Hello!
I experience problems trying to set up eGPU video card on Ubuntu 24.04.
My goal is to enable hot-plugging of eGPU, however, no matter what I do it always fails. In the beginning I had PCI error indicating that there are no free addresses, after tuning the configs my eGPU is recognized by OS, visible in lspci, but nvidia-smi still fails to detect the card. Since I do not know how to proceed further I ask for a help there :)
The things I have done so far:
Enabled ‘AllowExternalGpus’ option.
Tweaked kernel parameters to: quiet splash pci=realloc,assign-busses,hpbussize=0x10,hpmmiosize=32M,hpmmioprefsize=256M
Played with BIOS parameters (disabled security and secureboot).
Currently whenever I plug the eGPU, I see that it is sometimes correctly recognized and addressed, visible by lspci:
sashamikoff@sashamikoff-ThinkPad-T480s:~$ lspci | grep -i nvi
01:00.0 3D controller: NVIDIA Corporation GP108M [GeForce MX150] (rev a1)
0a:00.0 VGA compatible controller: NVIDIA Corporation TU106 [GeForce RTX 2070] (rev a1)
0a:00.1 Audio device: NVIDIA Corporation TU106 High Definition Audio Controller (rev a1)
0a:00.2 USB controller: NVIDIA Corporation TU106 USB 3.1 Host Controller (rev a1)
0a:00.3 Serial bus controller: NVIDIA Corporation TU106 USB Type-C UCSI Controller (rev a1)
but it is never recongized by nvidia-smi.
If I restart the machine with the eGPU plugged in, it is visible to nvidia-smi and I can use it.

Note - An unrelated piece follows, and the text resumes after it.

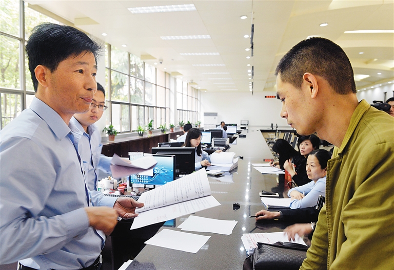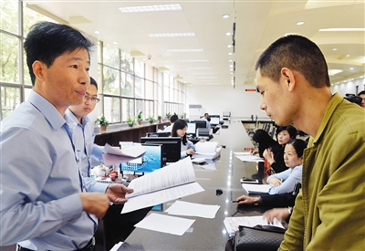 5月4日,安徽省蚌埠市中级人民法院诉讼服务中心工作人员向当事人介绍立案登记制度。 当日是我国法院实施立案登记制后的首个工作日,各地法院增开立案窗口、增配立案工作人员接待诉讼群众。 新华社发(高建业 摄)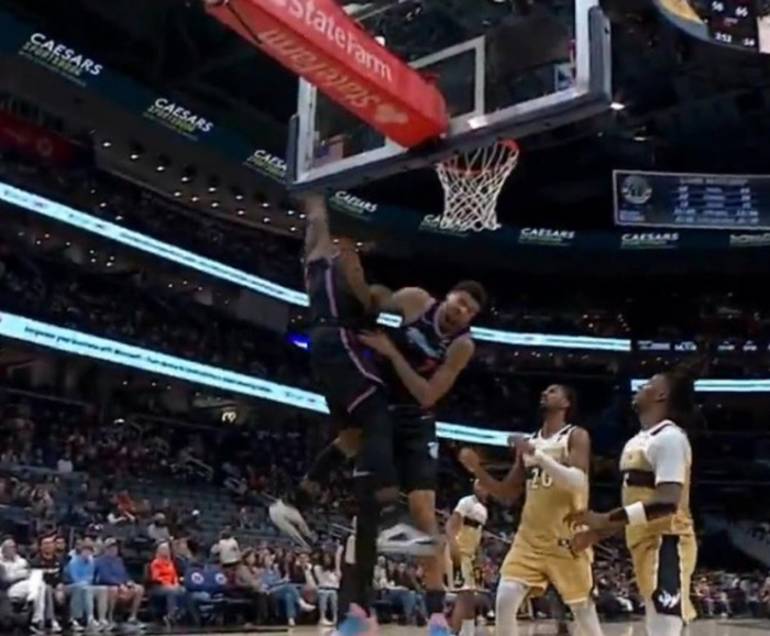 在本场比赛中,阿德巴约在一次进攻中直接隔着队友韦尔完成了一次石破天惊的补扣。

[ 375.608912] pci 0000:0a:00.0: BAR 1 [mem size 0x10000000 64bit pref]: can't assign; no space
[ 375.608915] pci 0000:0a:00.0: BAR 1 [mem size 0x10000000 64bit pref]: failed to assign
[ 375.608917] pci 0000:0a:00.0: BAR 3 [mem size 0x02000000 64bit pref]: can't assign; no space
[ 375.608919] pci 0000:0a:00.0: BAR 3 [mem size 0x02000000 64bit pref]: failed to assign
[ 375.608922] pci 0000:0a:00.0: BAR 0 [mem 0xc5000000-0xc5ffffff]: assigned
[ 375.608933] pci 0000:0a:00.0: ROM [mem 0xc4800000-0xc487ffff pref]: assigned
[ 375.608936] pci 0000:0a:00.2: BAR 0 [mem 0xc4880000-0xc48bffff 64bit pref]: assigned
[ 375.608969] pci 0000:0a:00.2: BAR 3 [mem 0xc48c0000-0xc48cffff 64bit pref]: assigned
[ 375.609002] pci 0000:0a:00.1: BAR 0 [mem 0xc48d0000-0xc48d3fff]: assigned
[ 375.609014] pci 0000:0a:00.3: BAR 0 [mem 0xc48d4000-0xc48d4fff]: assigned
[ 375.609031] pci 0000:0a:00.0: BAR 5 [io size 0x0080]: can't assign; no space
[ 375.609034] pci 0000:0a:00.0: BAR 5 [io size 0x0080]: failed to assign
The laptop’s bios only has 32bit resources enabled, not sufficient for a third gpu. You might check if you can disable the internal mx150 completely tofree up address space.
Ok, after playing a little bit around it and attaching my eGPU not through the docking station, but directly to a laptop I am able to see the card. There are now any errors in all the logs.
The card, however, is still absent from nvidia-smi.